◆ **ENTRIES SUPPLIED**
%%
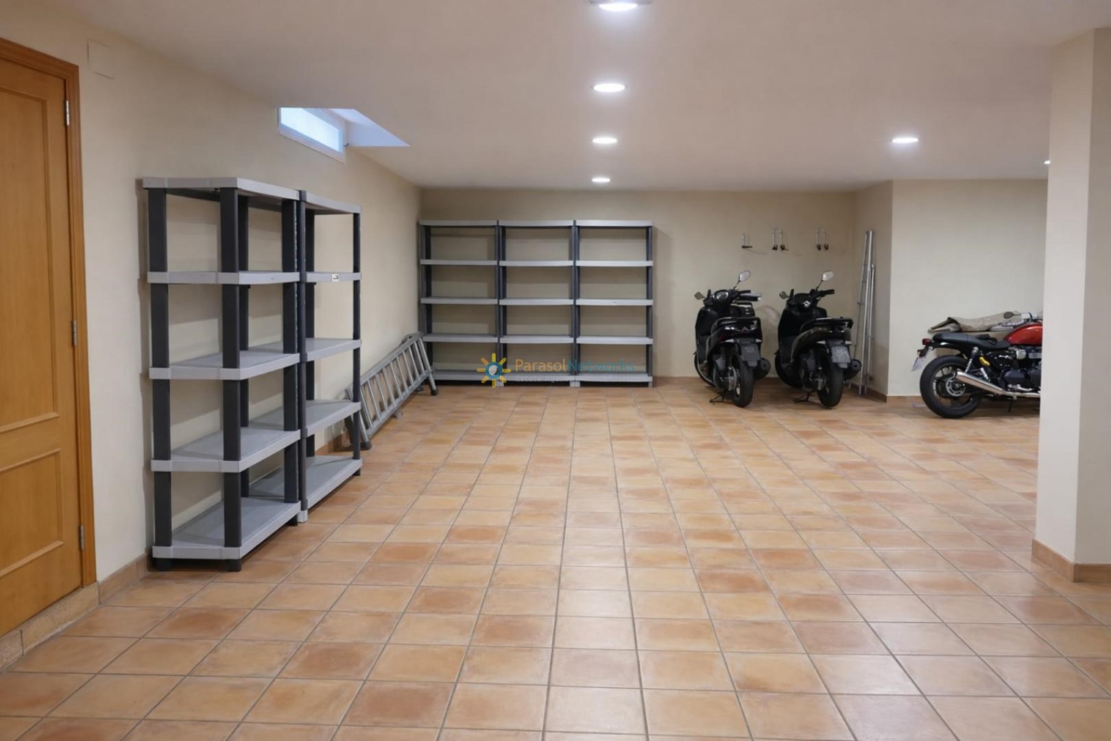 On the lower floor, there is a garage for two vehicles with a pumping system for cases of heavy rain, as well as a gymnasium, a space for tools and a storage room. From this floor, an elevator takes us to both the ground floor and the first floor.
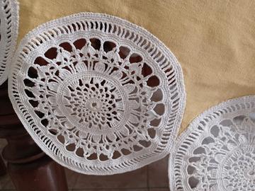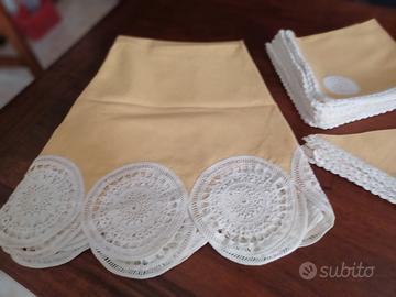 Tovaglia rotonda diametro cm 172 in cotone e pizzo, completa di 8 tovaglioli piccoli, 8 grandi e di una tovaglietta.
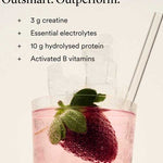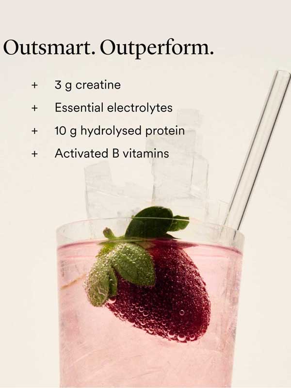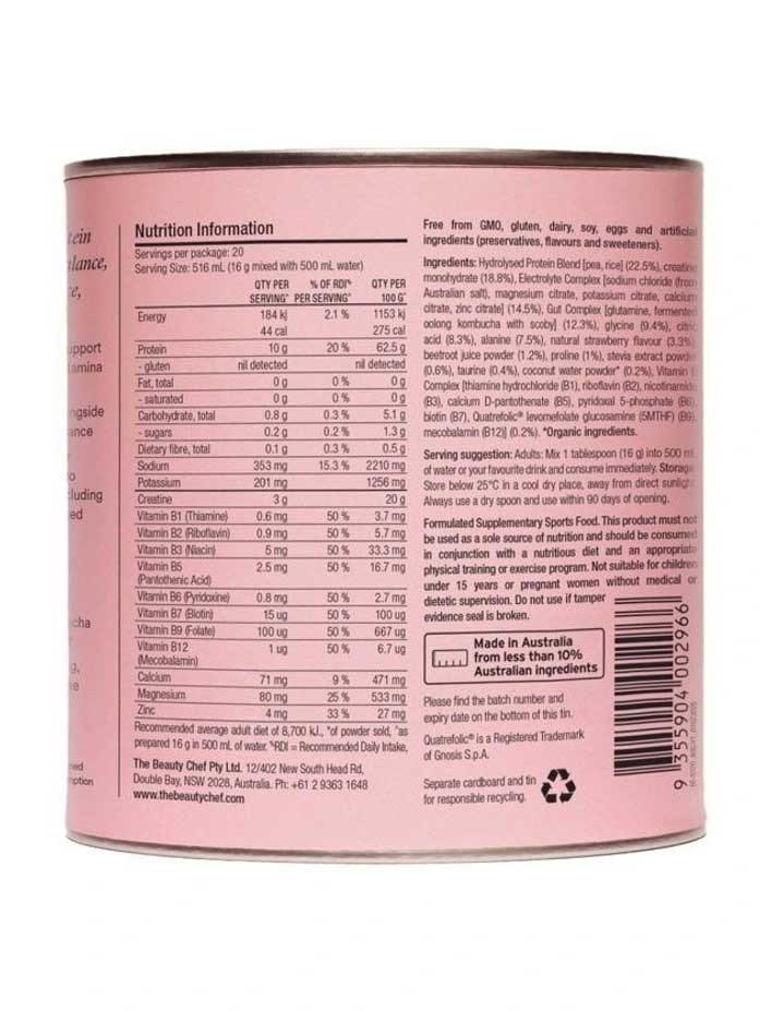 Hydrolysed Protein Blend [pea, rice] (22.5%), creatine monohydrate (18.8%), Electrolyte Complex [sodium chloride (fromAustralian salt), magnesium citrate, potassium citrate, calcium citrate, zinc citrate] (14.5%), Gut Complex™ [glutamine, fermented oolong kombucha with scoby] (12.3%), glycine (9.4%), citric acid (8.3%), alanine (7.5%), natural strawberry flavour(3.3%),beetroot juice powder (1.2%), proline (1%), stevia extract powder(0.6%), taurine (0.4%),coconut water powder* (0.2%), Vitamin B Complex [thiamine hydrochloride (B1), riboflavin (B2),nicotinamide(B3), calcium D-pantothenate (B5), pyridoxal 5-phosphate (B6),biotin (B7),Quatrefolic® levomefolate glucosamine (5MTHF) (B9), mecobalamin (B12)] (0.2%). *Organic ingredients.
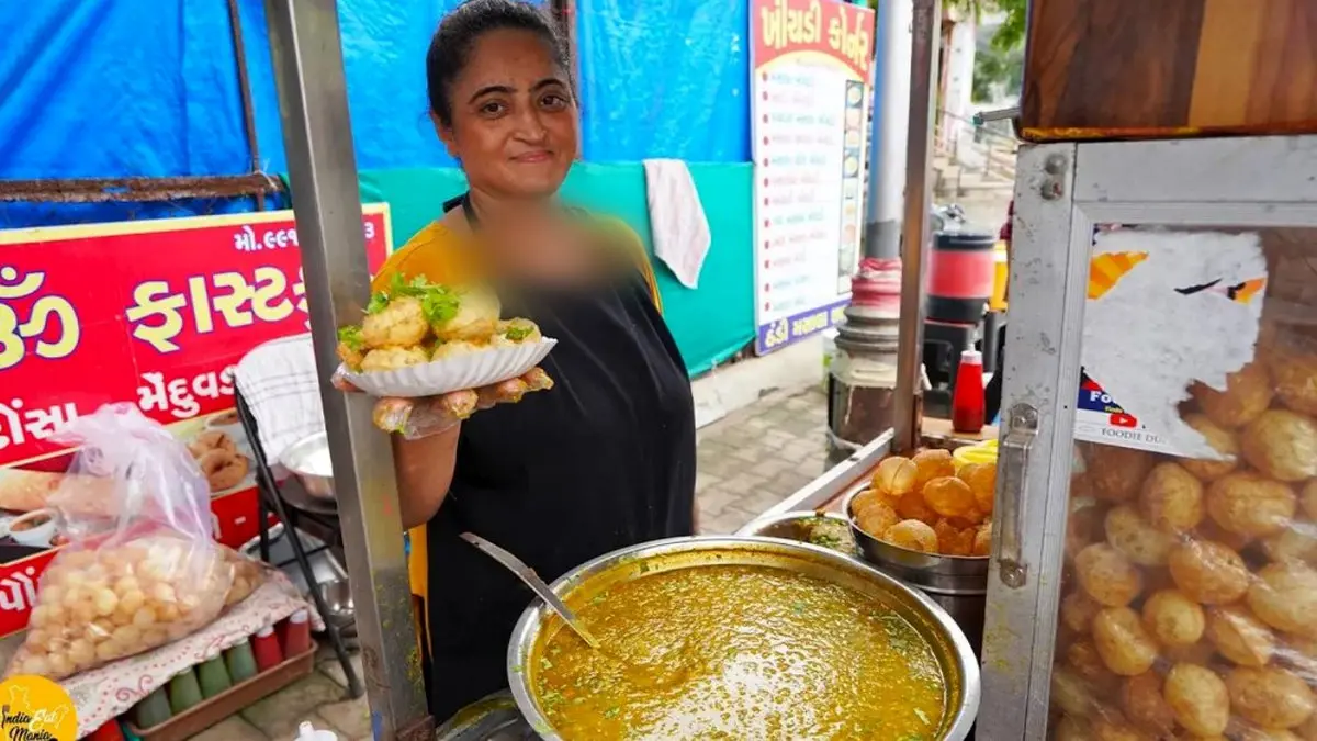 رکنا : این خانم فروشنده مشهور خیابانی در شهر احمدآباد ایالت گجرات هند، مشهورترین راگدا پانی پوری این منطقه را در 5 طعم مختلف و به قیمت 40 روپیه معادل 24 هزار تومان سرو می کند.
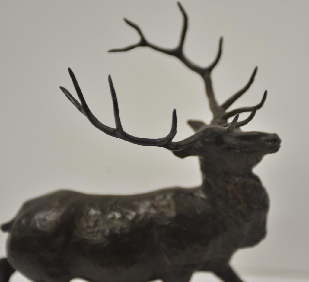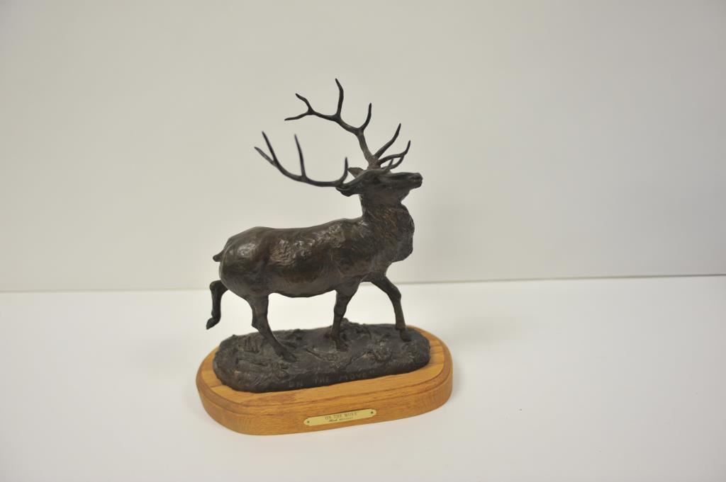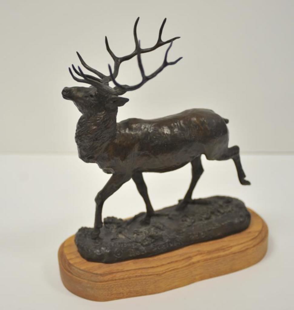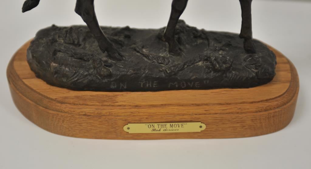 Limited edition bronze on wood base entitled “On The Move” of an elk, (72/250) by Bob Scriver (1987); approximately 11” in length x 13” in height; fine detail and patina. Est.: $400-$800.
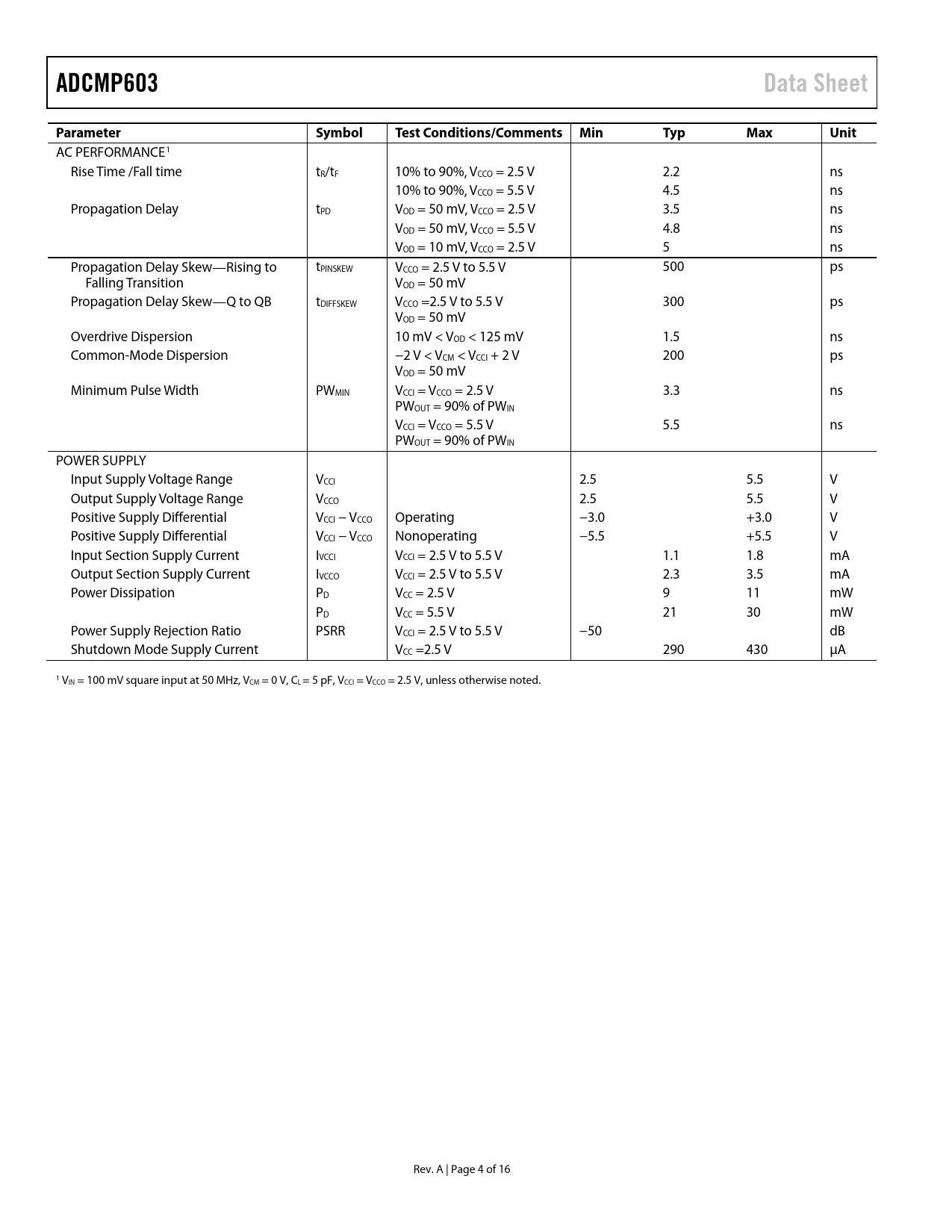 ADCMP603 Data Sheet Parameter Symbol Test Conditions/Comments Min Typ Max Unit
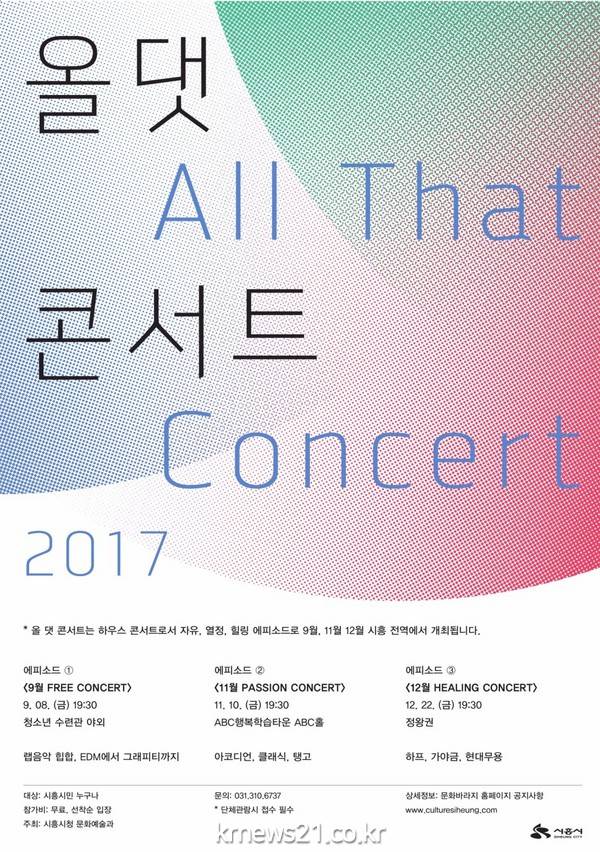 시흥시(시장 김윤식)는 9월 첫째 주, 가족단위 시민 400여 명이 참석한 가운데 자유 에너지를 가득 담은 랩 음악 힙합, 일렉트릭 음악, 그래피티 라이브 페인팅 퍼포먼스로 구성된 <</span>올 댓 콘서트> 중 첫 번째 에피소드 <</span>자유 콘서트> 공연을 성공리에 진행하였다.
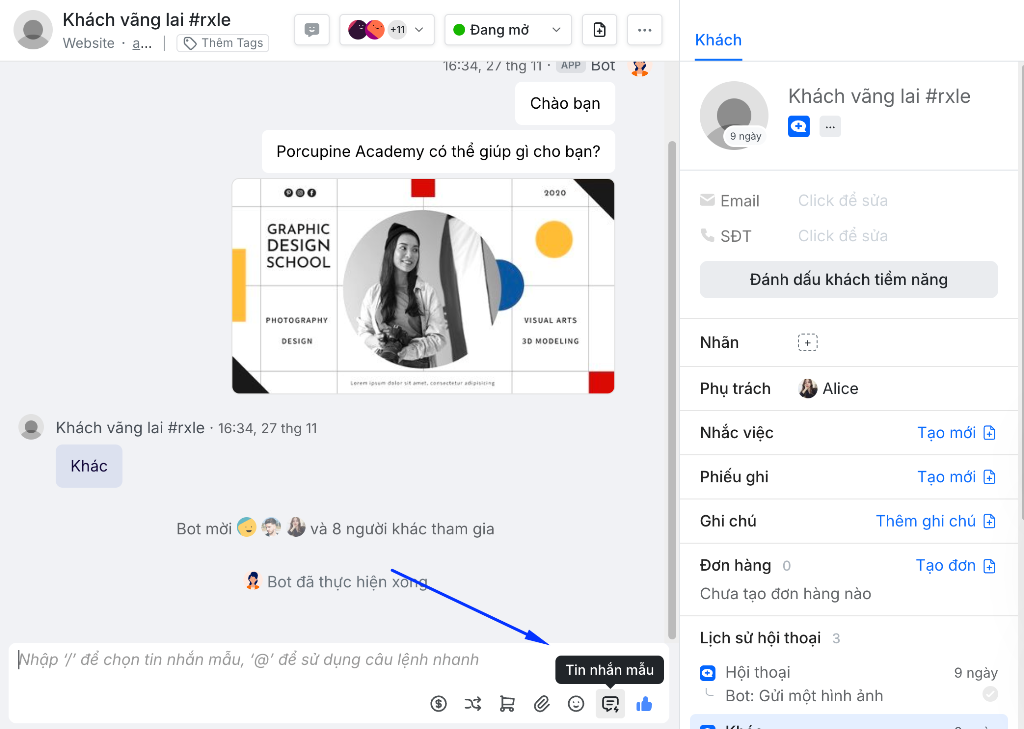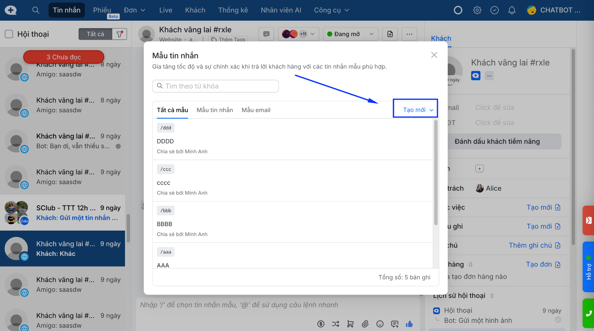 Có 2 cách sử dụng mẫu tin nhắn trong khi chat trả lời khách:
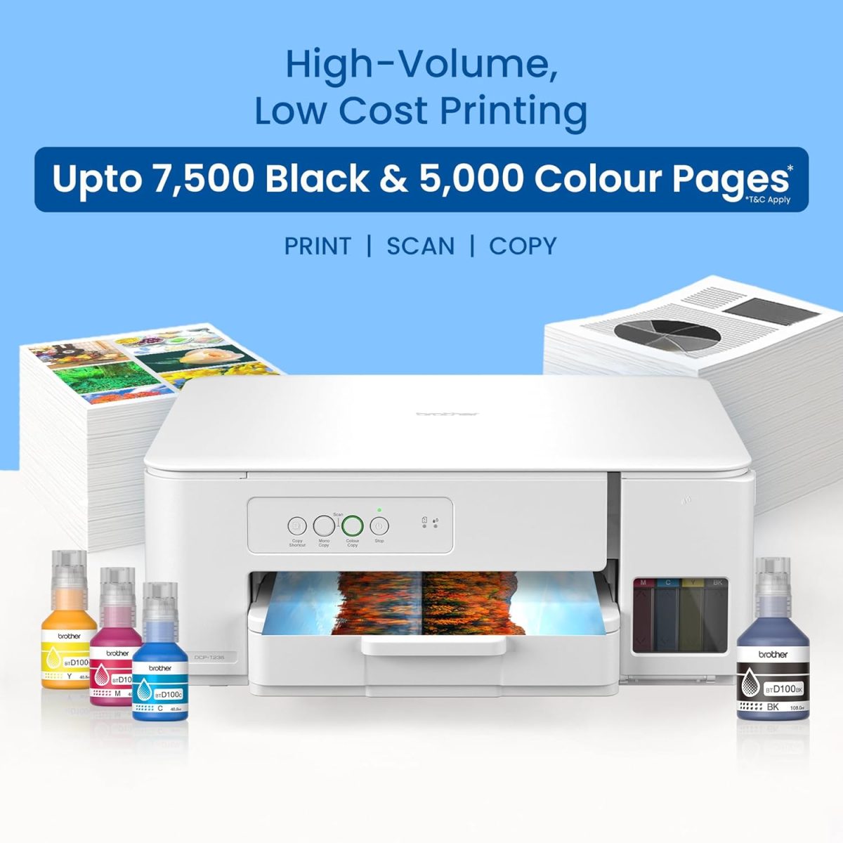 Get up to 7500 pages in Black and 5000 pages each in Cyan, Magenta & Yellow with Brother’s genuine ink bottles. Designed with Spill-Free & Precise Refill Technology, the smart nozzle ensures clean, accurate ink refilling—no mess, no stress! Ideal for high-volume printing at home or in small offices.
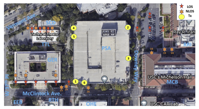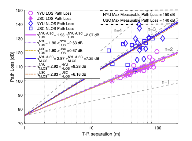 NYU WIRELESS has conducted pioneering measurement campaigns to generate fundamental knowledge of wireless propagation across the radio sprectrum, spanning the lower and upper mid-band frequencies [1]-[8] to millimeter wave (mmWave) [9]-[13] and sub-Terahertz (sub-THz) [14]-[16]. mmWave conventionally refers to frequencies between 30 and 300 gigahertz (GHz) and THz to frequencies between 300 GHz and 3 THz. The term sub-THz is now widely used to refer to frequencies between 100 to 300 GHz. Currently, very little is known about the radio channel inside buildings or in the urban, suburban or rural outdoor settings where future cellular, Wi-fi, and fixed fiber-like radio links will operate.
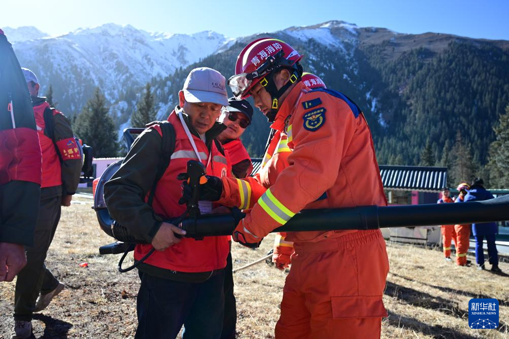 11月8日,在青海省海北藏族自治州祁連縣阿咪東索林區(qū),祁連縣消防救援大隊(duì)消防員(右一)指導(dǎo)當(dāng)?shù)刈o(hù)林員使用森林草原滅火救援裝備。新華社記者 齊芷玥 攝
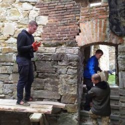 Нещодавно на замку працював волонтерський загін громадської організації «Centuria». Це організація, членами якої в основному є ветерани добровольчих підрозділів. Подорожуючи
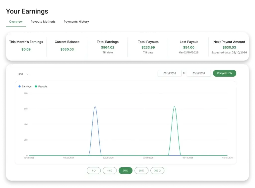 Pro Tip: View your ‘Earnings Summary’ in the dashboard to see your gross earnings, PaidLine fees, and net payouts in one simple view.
%%
◆ **THE PROBLEM**
Looking above, find the stretch of lines that opens with the one holding "ADCMP603 Data Sheet" and closes with the one holding "Có 2 cách sử". Copy it exactly, pictures excluded.

◆ **WRITTEN SOLUTION**
 ADCMP603 Data Sheet Parameter Symbol Test Conditions/Comments Min Typ Max Unit
 시흥시(시장 김윤식)는 9월 첫째 주, 가족단위 시민 400여 명이 참석한 가운데 자유 에너지를 가득 담은 랩 음악 힙합, 일렉트릭 음악, 그래피티 라이브 페인팅 퍼포먼스로 구성된 <</span>올 댓 콘서트> 중 첫 번째 에피소드 <</span>자유 콘서트> 공연을 성공리에 진행하였다.
 Có 2 cách sử dụng mẫu tin nhắn trong khi chat trả lời khách:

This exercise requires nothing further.